Spend less, work longer or get another job, move in with your parents or get a flatmate. But whatever you do, don’t push for a pay rise to compensate for inflation. That’s the advice dispensed by Reserve Bank Governor Philip Lowe in recent months.
To facilitate some of these outcomes, the RBA is close to tipping the economy into recession. Gross domestic product per person was down 0.2 percent in the first three months of the year, the household savings rate is collapsing, and consumption growth is grinding to a halt, according to the Bureau of Statistics.
The bank’s board noted in the minutes to its May monetary policy meeting that the unemployment rate will be pushed up by 1 percentage point by the end of next year, putting more than 100,000 people out of work. How this approach squares with Lowe’s exhortations to work more is unclear. National Australia Bank chief economist Alan Oster says the figure could be 200,000 or more. Time will tell.
The bottom line is that the RBA is trying to make wage earners poorer to save them from rising prices. That’s the magical logic of capitalism. If this magic appears so dazzling that you can’t figure out how it works, you may just belong to the wrong social class.
How so? Well, take Lowe’s exhortation for people to spend less.
Those on lower incomes are already trying to spend less on electricity by shivering through winter. According to Lowe, this is for the good of “the economy”. But here’s the rub: the Australian Energy Regulator says prices will jump 20 to 25 percent from July, which comes on top of a 15 percent rise over the last year. In these conditions, even when you try to use less, it ends up costing more—it’s the David Copperfield economy, where the more you pay, the more something disappears.
Where does it go? Well, on the back of these surging prices, energy giant AGL is forecasting an underlying profit increase of perhaps 150 percent next year, according to the Financial Review. There’s your magic: one social class’s attempt at frugality is transformed into a financial windfall for another social class.
It’s the same with food: prices increased 8 percent over the year, but the volume purchased declined. “There certainly has been a huge increase in how many dollars we spend on food”, Greg Jericho, policy director at the Centre for Future Work, noted last month in the Guardian. “[But] we are now buying about 5 percent less food than expected before the pandemic. It’s just costing more.”
Lowe basically says try disappearing another meal—it’s for your own good, because it’s good for “the economy”. Meanwhile, insatiable supermarkets can’t stop price gouging. Coles recently posted a half-yearly profit of more than $600 million—up more than 11 percent after tax. Woolworths lodged a $900 million profit—up 14 percent.
So we pay more to eat less, and hunger for one class is magically transformed into a shareholder dividend bonanza for another.
It’s similar with housing: Lowe says more people in fewer dwellings will fix the problem. “Higher prices do lead people to economise on housing”, he told a Senate hearing last month. “Kids don’t move out of home, because the rent is too expensive—so you decide to get a flatmate or a housemate because that’s the price mechanism at work.”
That’s right kids, it takes high prices to force you to adapt to the high prices that banks and landlords are charging. It’s price mechanism magic. Lowe is helping this mechanism by jacking up interest rates, which he can do in good conscience because mortgage payments, which are up by more than $1,000 per month on an average loan, aren’t counted when measuring consumer price inflation. (More magic.)

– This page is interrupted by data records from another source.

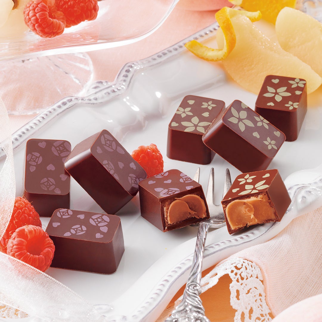 お花の香りとフルーツの風味を組み合わせた、[フランボワーズローズ]と[ピーチジャスミン]の2種類のプラリネショコラ。ほのかなお花の香りとフルーツの風味がチョコレートとひとつになり、まるでフルーツの花束を味わっているよう。
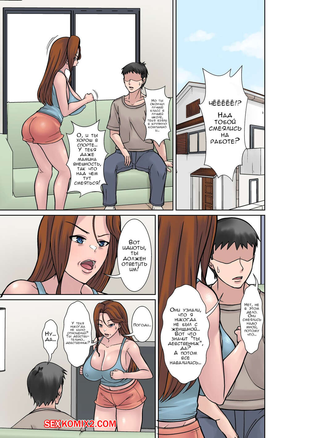 Порно комикс Бывшая мать хулиганка дает двум сыновьям уроки секса. Hoyoyo Горячая милфа была очень возбуждена и решила повеселиться со своими сыновьями. Красотка разделась и отсосала большие хуи парней, после чего дала им себя выебать.
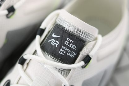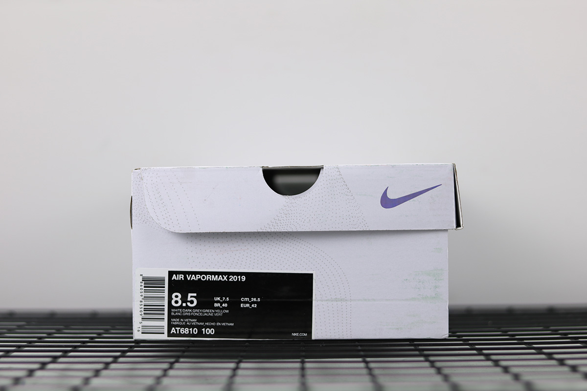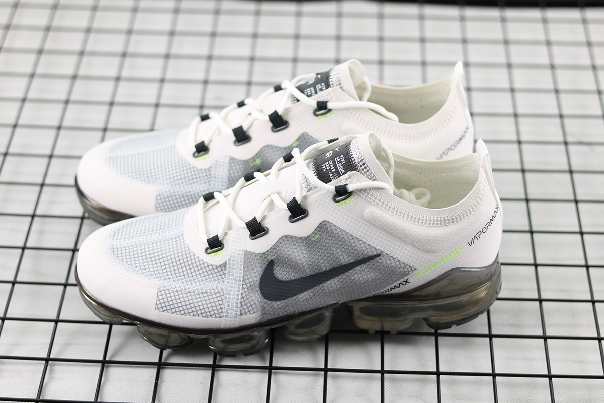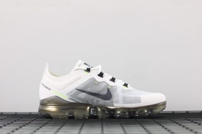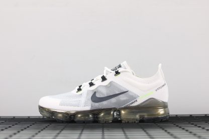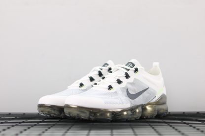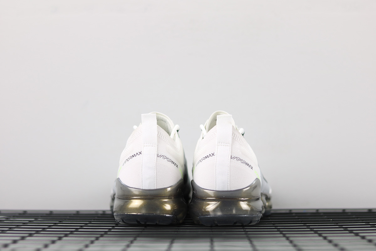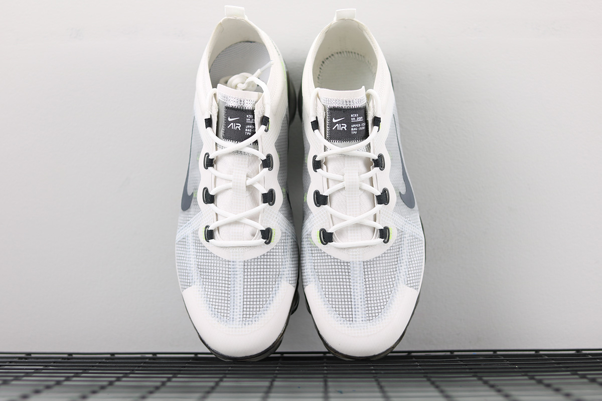 Dressed in a White, Dark Grey, Platinum Tint, and Lime Blast color scheme. This Nike Air VaporMax 2019 features a White and Grey TPE upper highlighted with Lime Green accents. An iridescent full-length VaporMax sole unit completes the design.
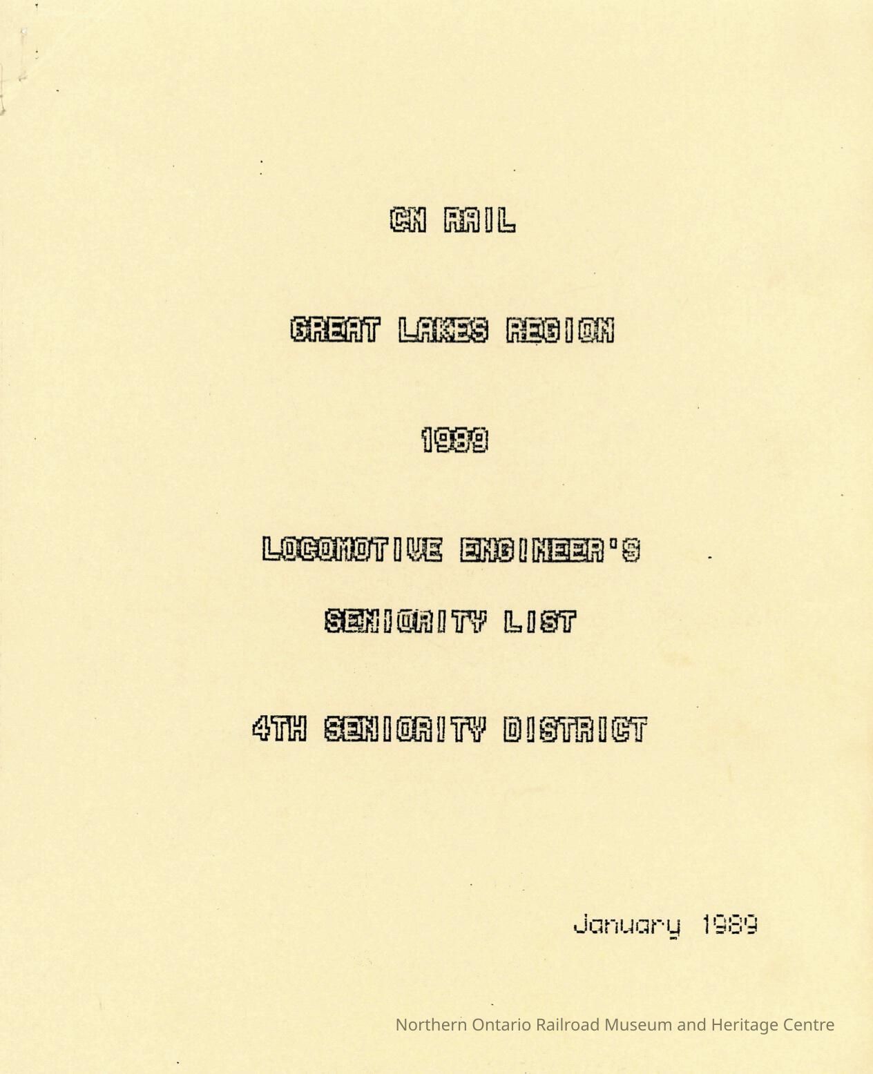Document, CN Rail, Great Lakes Region, 1989, Locomotive Engineer's Seniority List, 4th Seniority District, January 1989.Collection

The governor of course says nothing about the preponderance of empty homes owned by the wealthy. Nor has he offered to sublet on the cheap any of the five bedrooms in his Randwick home. That’s not how this capitalist magic works—one class’s expanded and expanding living spaces are disappeared in advance from the equation demanding the shrinking of living space for another class.

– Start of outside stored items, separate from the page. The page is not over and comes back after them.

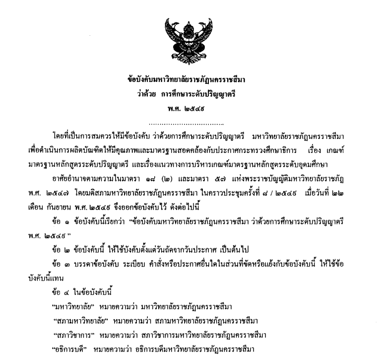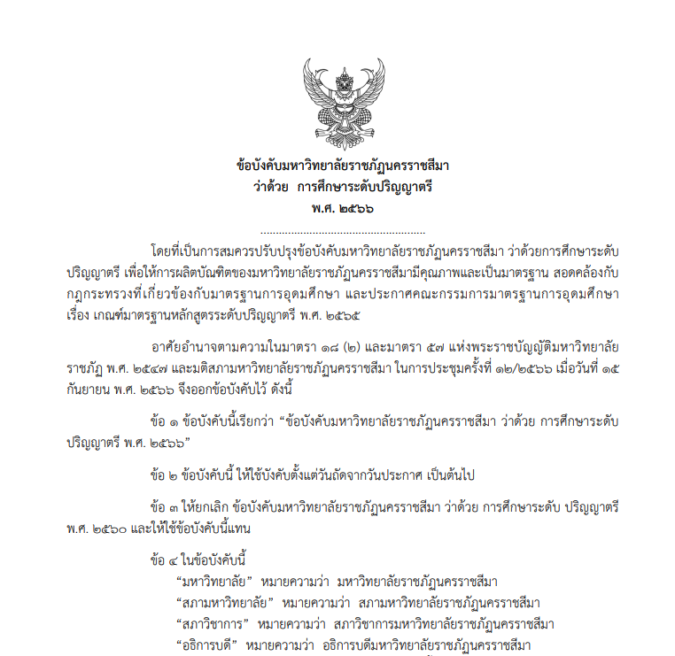 - ข้อบังคับมหาวิทยาลัยราชภัฏนครราชสีมาว่าด้วย การศึกษาระดับปริญญาตรี (2566)
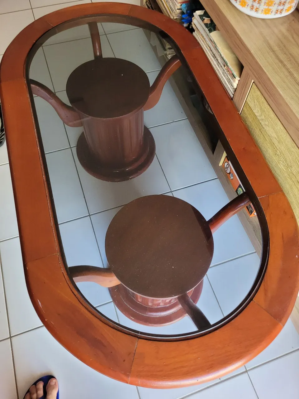Linda mesa de centro oval com design elegante e sofisticado. Possui tampo de vidro que valoriza o ambiente e base em madeira resistente.
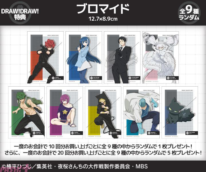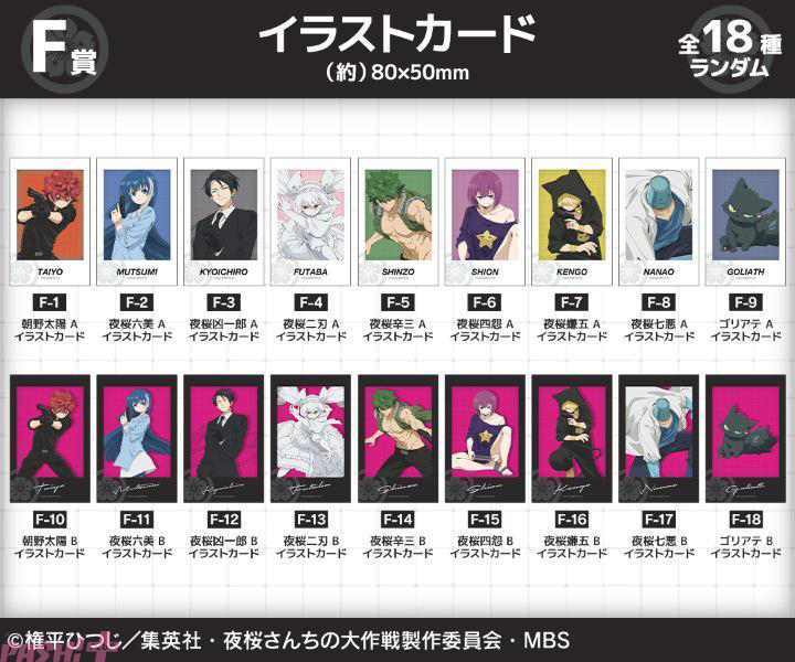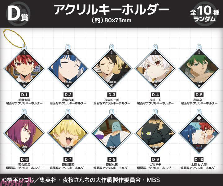 TVアニメ『夜桜さんちの大作戦』のオンラインくじが販売開始。一度の会計で10回分購入ごとに特典ブロマイド(全9種)の中からランダムで1枚、20回分ご購入ごとにランダムで5枚もらえます。

It’s a Harry Houdini housing market.
And it’s the same again with wages. “We have to make sure that higher inflation doesn’t translate into higher wages for everybody”, Lowe said this month after lifting the cash rate for the twelfth time in fourteen months. In real terms, average wages are down more than 7 percent since their peak three years ago.

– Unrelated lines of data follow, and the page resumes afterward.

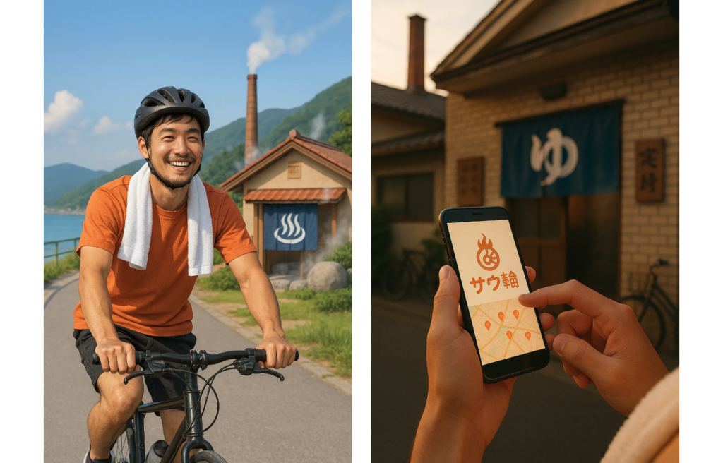 そんな中とあるメンバーが、「サウナ」と「自転車」、彼のふたつの趣味を掛け合わせたアイディアを持ってきました。「この世界で自分だけ」というには少々ありきたりかもしれません。両方を嗜んでいる人も少なくないでしょう。しかし、こだわりすぎて思考が停滞していた私たちに、このアイディアは雷のように鮮烈に初心を思い出させました。
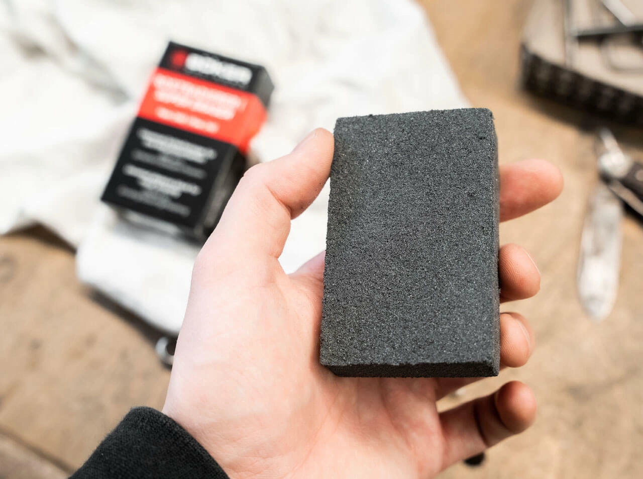 Parfaite pour l’entretien quotidien des couteaux de cuisine et d’extérieur, des outils et des pièces métalliques. Utilisation simple : il suffit de frotter délicatement la zone concernée et d’augmenter progressivement la pression selon les besoins. Pour un résultat optimal, nettoyez sur une surface sèche ou légèrement humidifiée et travaillez par passes régulières dans le sens du ponçage.
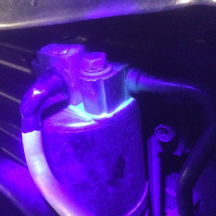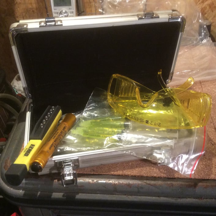 今回、使用したのが、ガス漏れ探査剤を注入して、紫外線ライトを照射しての点検がメインでした。
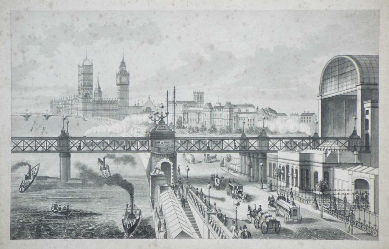 Antique Print - "Hungerford Bridge, Charing Cross Station and the Embankment".
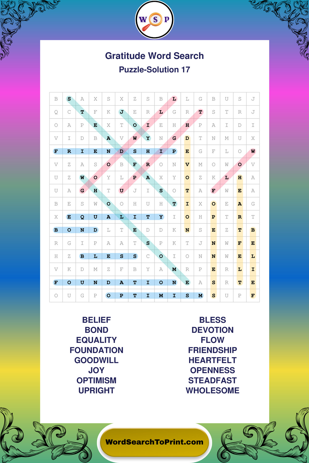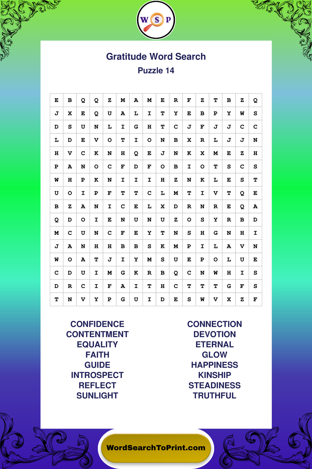 These puzzles highlight positive thinking, emotional awareness, mindfulness, and wellbeing concepts. They offer a structured and engaging way to explore this topic while strengthening concentration and vocabulary recognition. You may also enjoy our Peace word search puzzles.
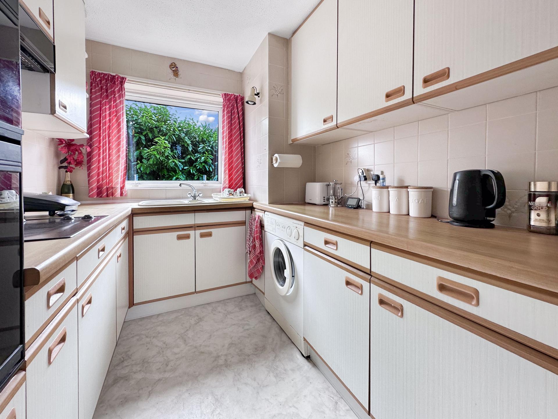 Range of eye and base level units with worktop surfaces over, one and quarter sink unit and drainer with taps over, 4 ring electric hob and extractor, eye level double oven and grill, space for fridge, plumbing for washing machine, double glazed window to the rear, power points
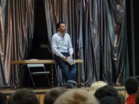 Das Quartiers-management Neu-Tannenbusch und die Freiherr-vom-Stein-Realschule hatten mit der Lesung einen Austausch zwischen den Schülern und dem Autor ermöglicht. Der Sohn türkischer Einwanderer ist ein Vorbild, der seine Berufung in der Künstlerszene gefunden hat, worüber er auch berichtet hat.
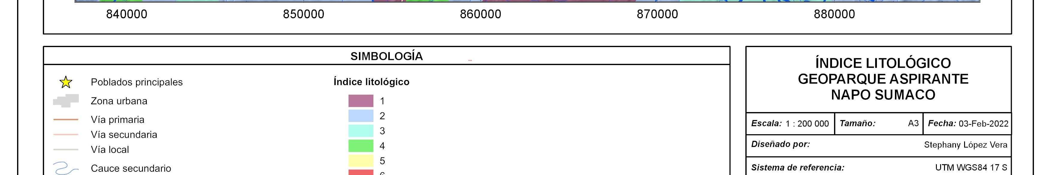 La cuantificación del índice litológico demuestra que en la mayor parte de la zona de estudio yacen de 2 a 4 unidades litoestratigráficas. Casos puntuales como al norte de Puerto Misahuallí se observa la existencia de hasta 5 unidades litoestratigráficas,relacionadoalaportedelosdepósitosfluvialesdelríoMisahuallí, mientras que, en el límite occidental del geoparque yace solamente un tipo de litología relacionado a la intrusión del batolito de Abitagua.

Where did all that disappeared wealth from working people go? Magically, a bunch of it turned up in the pockets of the bosses. The latest data, compiled by the Governance Institute, shows average pay rises of 11 percent, 13 percent, 15 percent and 24 percent, depending on the position, for directors and managers at Australia’s biggest companies. General counsel and company secretary bonuses are up 49 percent.
The misery of one class of people turned into more and more money for another class. That’s the magic of Australian capitalism.